To assess if Akt regulates EGFR in a positive feedback manner, chemoresistant H1299 cells were infected with the Adv-dominant negative Akt (Adv-DN-Akt) or Adv-GFP (as control; MOI = 0, 30, 60) and followed by treatment with CDDP (10 μM, 24 h). Successful Adv-DN-Akt expression was evident by increased total Akt content (WB). Adv-DN-Akt infection resulted in decreased P-Akt, total Akt and P-EGFR contents irrespective of the presence of CDDP, suggesting that Akt is also an upstream of EGFR and is associated with its activation (Fig. 3a, b). As expected, p53 expression was not evident in the p53 null chemoresistant H1299 cells (Fig. 3a). As shown in Fig. 3c, Adv-DN-Akt had no effect on CDDP-induced apoptosis in these chemoresistant H1299 cells. To assess if p53 is required for the induction of apoptosis and suppression of EGFR activation and Akt, H1299 cells were infected with Adv-DN-Akt (MOI = 60) and Adv-p53 (MOI = 0.25) alone or together followed by treatment with CDDP (10 μM, 24 h). Successful infection of Adv-DN-Akt and Adv-p53 was confirmed by increased content of Akt and p53 (WB), respectively (Fig. 3d). Adv-DN-Akt and Adv-p53 re-constitution together decreased the protein content of P-EGFR (Fig. 3d, e) and synergistically increased CDDP-induced apoptosis (Fig. 3f).
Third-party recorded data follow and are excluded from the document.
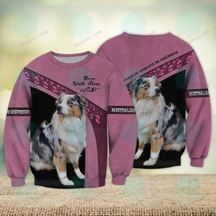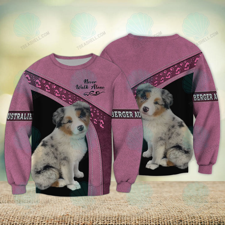 Home 3D Sweatshirt Australian Shepherd Love Pink Never Walk Alone 3D Full Print Sweatshirt Shirts
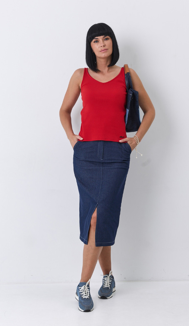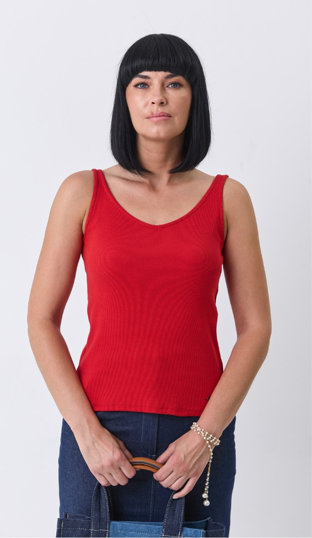 Локаничный, но такой соблазнительный базовый топ в рубчик в насыщенно красном цвете придётся по душе любительницам ярких расцветок и эффектных образов! Топ изготовлен из эластичного, слегка тянущегося, структурного трикотажа в рубчик. Хлопок 97%. Облегающий крой топа изящно подчеркивает линии фигуры, идеально комбинируется с жакетами и кардиганами. А V-образный вырез горловины зрительно «вытягивает» силуэт.
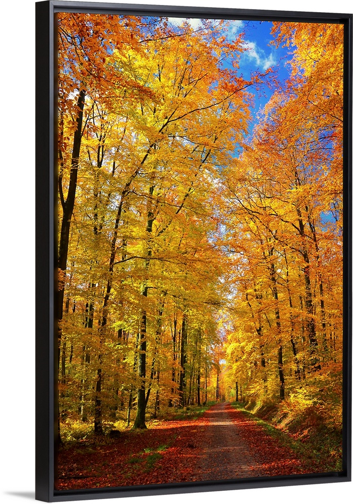 <p>A leaf-covered road cuts through a forest of autumn-colored trees, contrasting sharply with the bright blue sky.</p>

Activation of Akt reduces ROS production and attenuates CDDP sensitivity by p53 suppression
To further demonstrate that Akt regulates EGFR content and participates in a positive feedback loop on EGFR signaling, chemosensitive A549 NSCLC cells were infected with a constitutively activated Akt (Adv-AAkt) or a control (Adv-GFP) and then treated with CDDP (10 μM, 24 h). Infection of A549 cells with Adv-AAkt led to a significant increase in total Akt content and attenuated the reduction in total and P-EGFR induced by CDDP (Fig. 4a, b), indicating that AAkt stabilizes total/P-EGFR contents in NSCLC cells. As shown in Fig. 4c, forced expression of AAkt attenuated the Akt activation induced by CDDP. Based on the notion that p53 mediates CDDP-induced apoptosis, we then determined whether the activation of Akt regulates p53 content and in turn CDDP-induced apoptosis. As expected, activated Akt decreased both total and P-p53 (Ser15) protein content and significantly protected chemosensitive A549 cells from CDDP-induced apoptosis (Fig. 4d), indicating that Akt is a survival factor in CDDP-induced apoptosis and its action is in part via modulation of p53 activation.
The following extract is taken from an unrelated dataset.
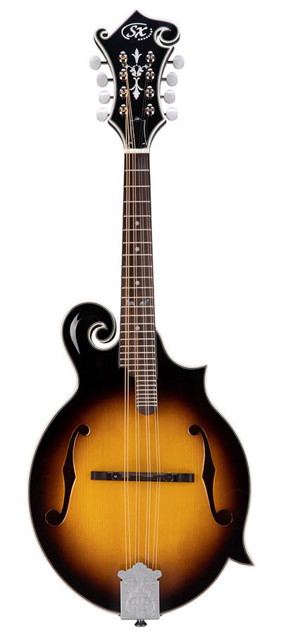 This excellent quality F Hole style Mandolin has a solid spruce carved archtop, The arched back and sides are of solid Solid Oukume, Arched Back, a rosewood fingerboard with 29 frets. The fingerboard markers are Mother of Pearl inlaid, It is rare to find such wood and finish specifications at this price and they make this a very playable instrument with a lovely warm tone. This model has a glossy finishing in Vintage Sunburst.

Activation of P53 and Akt suppression are required for CDDP-induced elevation of ROS in NSCLC
To investigate whether p53 regulates ROS production in NSCLC cells, we performed flow cytometric analysis of ROS accumulation. As shown in Fig. 5a and b, forced expression of Adv-p53 markedly enhanced ROS production in chemoresistant H1299 cells regardless of the presence of CDDP, suggesting increased p53 content alone or in combination with CDDP could stimulate a burst of cellular ROS. Interestingly, when Adv-p53 expression reached at maximal level (MOI = 0.5), no further increase in ROS was observed in the presence of CDDP. These results suggest that CDDP-induced ROS production is dependent on the activation of p53 and p53 is required for CDDP-induced apoptosis via suppression of EGFR and accumulation of ROS.
Previous studies have shown that elevated ROS levels suppress the EGFR/PI3K/Akt signaling pathway . We further examined whether Akt can functionally regulate ROS production in chemoresistant H1299 cells. As shown in Fig. 5c and d, a loss of Akt significantly elevated ROS production by threefold when compared with the control. In addition, activated Akt reconstitution significantly reduced the basal level as well as CDDP-induced ROS production in chemosensitive A549 cells (Fig. 5e, f), Taken together, these findings suggest that Akt is important in the regulation of ROS production in NSCLC.
Lung cancer is the leading cause of cancer death worldwide and the development of chemoresistance has become a major hurdle to long term therapeutic success. Despite extensive research, the molecular mechanism of chemoresistance in lung cancer remains poorly understood. In the present study, we investigated the cellular and molecular mechanisms involved in NSCLC fate regulation, particularly in (1) the role and regulation of EGFR; (2) how the crosstalk between Akt and p53 regulates EGFR and ROS production, and (3) whether ROS is associated with CDDP-induced apoptosis. We have demonstrated for the first time that (a) CDDP down-regulates EGFR, activates p53 and increased ROS production in chemosensitive but not in chemoresistant NSCLC; (b) Akt confers resistance in NSCLC in part by activating EGFR and down-regulating p53 and ROS production; (c) p53 activation inhibits EGFR signaling and increased ROS production. Taken together, these results demonstrate that the interaction of the p53 and Akt feedback loops determine the fate of NSCLC cells and their CDDP sensitivity.
The mechanism of chemoresistance is multi-factorial and includes dysregulation of cell death and activated cell survival signaling pathways. The tumor suppressor p53 plays a pivotal role in the regulation of cancer cell fate in response to CDDP . At least half of human cancers are associated with p53 mutations, resulting in the dysregulation of multiple signaling cascades including apoptotic pathways . In contrast, Akt is a cell survival factor which inhibits apoptosis directly through the suppression of pro-apoptotic proteins and indirectly by inducing growth factor- and cytokine-mediated expression of anti-apoptotic protein . Thus, p53 and Akt as well as their crosstalk are intimately involved in the regulation of apoptosis.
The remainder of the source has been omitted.